Thanksgiving could be seen as a celebration of immigration, since the original celebrants were immigrants, after all. But many of those engaged in the hot political debate over immigration reform today would argue that the United States is particularly hostile to immigrants these days, especially when it comes to children who are fleeing violence in their home countries and/or seeking out family members here.
For this week’s podcast, we talk with Sonia Nazario, the prize-winning journalist and author of Enrique’s Journey – a riveting account of a Honduran boy’s desperate and dangerous search for his mother who more than a decade earlier had migrated to the United States to earn money to help her family back home. The book is a thriller, which makes the abstract issue of immigration reform deeply personal, real and compelling.
Nazario, who will be the keynote speaker for this year’s Global Washington conference in Seattle on Dec. 3, won a Pulitzer Prize for the LA Times series of stories that eventually led to this book. As the daughter of immigrants who moved to the United States to escape Argentina’s Dirty War, Nazario knows this issue inside and out. And she emphasizes that, when it comes to children, this needs to be seen as a refugee crisis.
“Like many, I initially thought unlawful immigrants were mostly men seeking work,” Nazario tells Tom Paulson in the podcast discussion. What she soon discovered was a huge wave of children migrating north in search of their parents.

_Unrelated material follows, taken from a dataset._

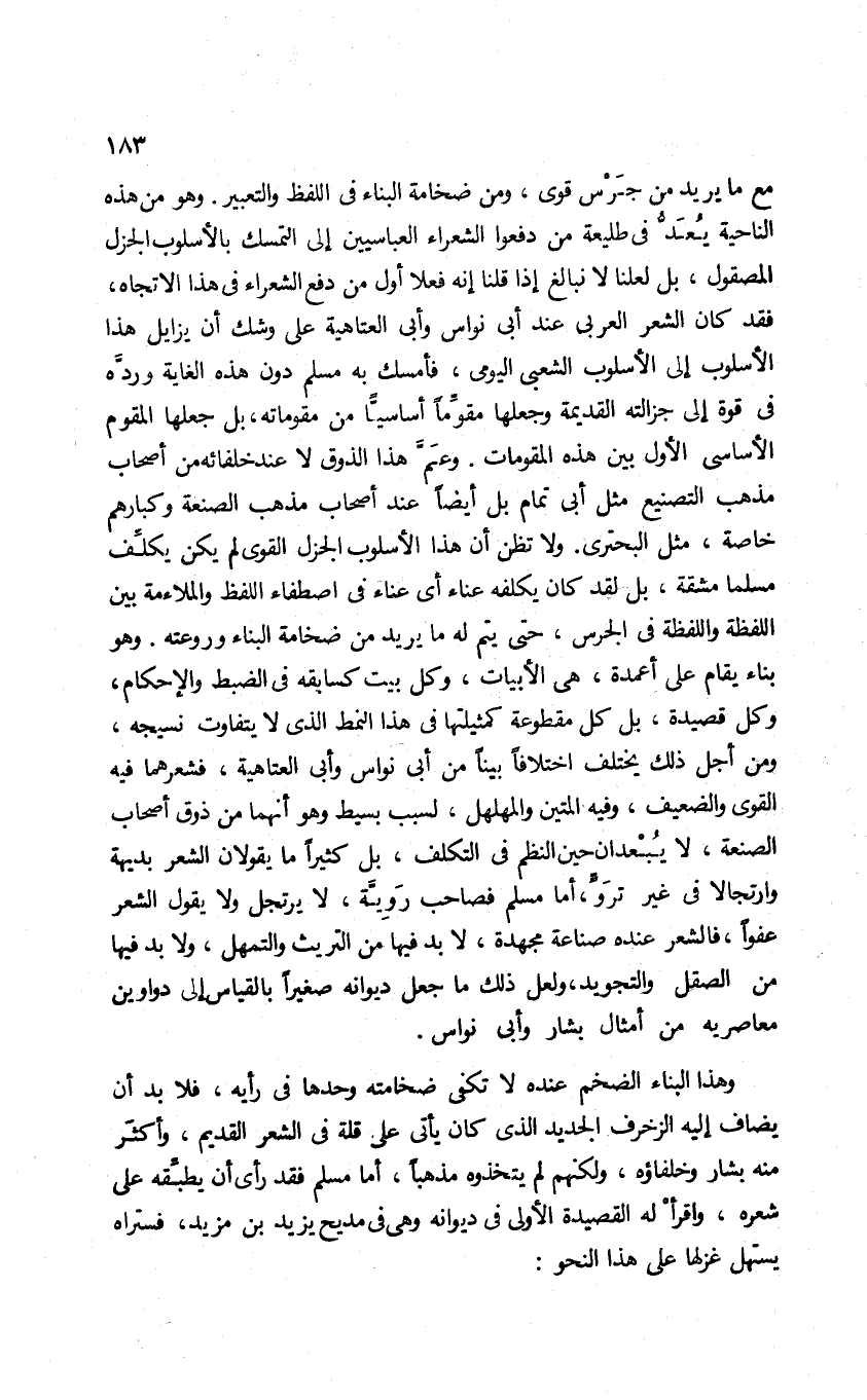 مع ما يريد من جرس قوي، ومن ضخامة البناء في اللفظ والتعبير. وهو من هذه الناحية يعدُّ في طليعة من دفعوا الشعراء العباسيين إلى التمسك بالأسلوب الجزل المصقول؛ بل لعلنا لا نبالغ إذا قلنا إنه فعلًا أول من دفع الشعراء في هذا الاتجاه؛ فقد كان الشعر العربي عند أبي نواس وأبي العتاهية على وشك أن يزايل هذا الأسلوب إلى الأسلوب الشعبي اليومي، فأمسك به مسلم دون هذه الغاية وردَّه في قوة إلى جزالته القديمة وجعلها مقومًا أساسيًّا من مقوماته، بل جعلها المقوم الأساسي الأول بين هذه المقومات. وعمَّ هذا الذوق لا عند خلفائه من أصحاب مذهب التصنيع مثل أبي تمام بل أيضًا عند أصحاب مذهب الصنعة وكبارهم خاصة، مثل البحتري. ولا تظن أن هذا الأسلوب الجزل القوي لم يكن يكلف مسلمًا مشقة؛ بل لقد كان يكلفه عناء أي عناء في اصطفاء اللفظ والملاءمة بين اللفظة واللفظة في الجرس، حتى يتم له ما يريد من ضخامة البناء وروعته. وهو بناء يقام على أعمدة هي الأبيات، وكل بيت كسابقه في الضبط والإحكام، وكل قصيدة بل كل مقطوعة كمثيلتها في هذا النمط الذي لا يتفاوت نسيجه، ومن أجل ذلك يختلف اختلافًا بينًا عن أبي نواس وأبي العتاهية، فشعرهما فيه القوي والضعيف، وفيه المتين والمهلهل، لسبب بسيط وهو أنهما من ذوق أصحاب الصنعة، لا يبعدان حين النظم في التكلف، بل كثيرًا ما يقولان الشعر بديهة وارتجالًا في غير تَروٍّ، أما مسلم فصاحب رَويَّة، لا يرتجل ولا يقول الشعر عفوًا؛ فالشعر عنده صناعة مجهدة، لا بد فيها من التريث والتمهل، ولا بد فيها من الصقل والتجويد، ولعل ذلك ما جعل ديوانه صغيرًا بالقياس إلى دواوين معاصريه من أمثال بشار وأبي نواس.

What Nazario also discovered, when she took many personal risks herself by traveling with these young immigrants, retracing Enrique’s multiple attempts to find his mother, was that children were getting killed, maimed, abused en route by drug traffickers or gangs – and then are treated as criminals in the United States if they survive the trip to El Norte.
“Our immigration policy just tears these families apart,” she said. What we need is a more humane immigration policy, Nazario said, that distinguishes between those unlawful economic immigrants who should be deported from the many children, women and others who are best seen as refugees.
“As a nation, how can we turn our backs on these vulnerable children?” Nazario said. President Obama’s plan to take executive action to prevent the deportation of perhaps millions of such immigrants deserving of such haven is a positive step, she said. But it’s not enough, Nazario said, if we, as Americans, want to truly view ourselves as a humane and principled nation – of immigrants. “We need a new approach.”
In addition to speaking Dec. 3 at the Global Washington conference, Nazario will be speaking and signing books at other events in Seattle including a talk with students at Overlake High School and at an evening public lecture sponsored by the World Affairs Council on Dec. 4 at Seattle University.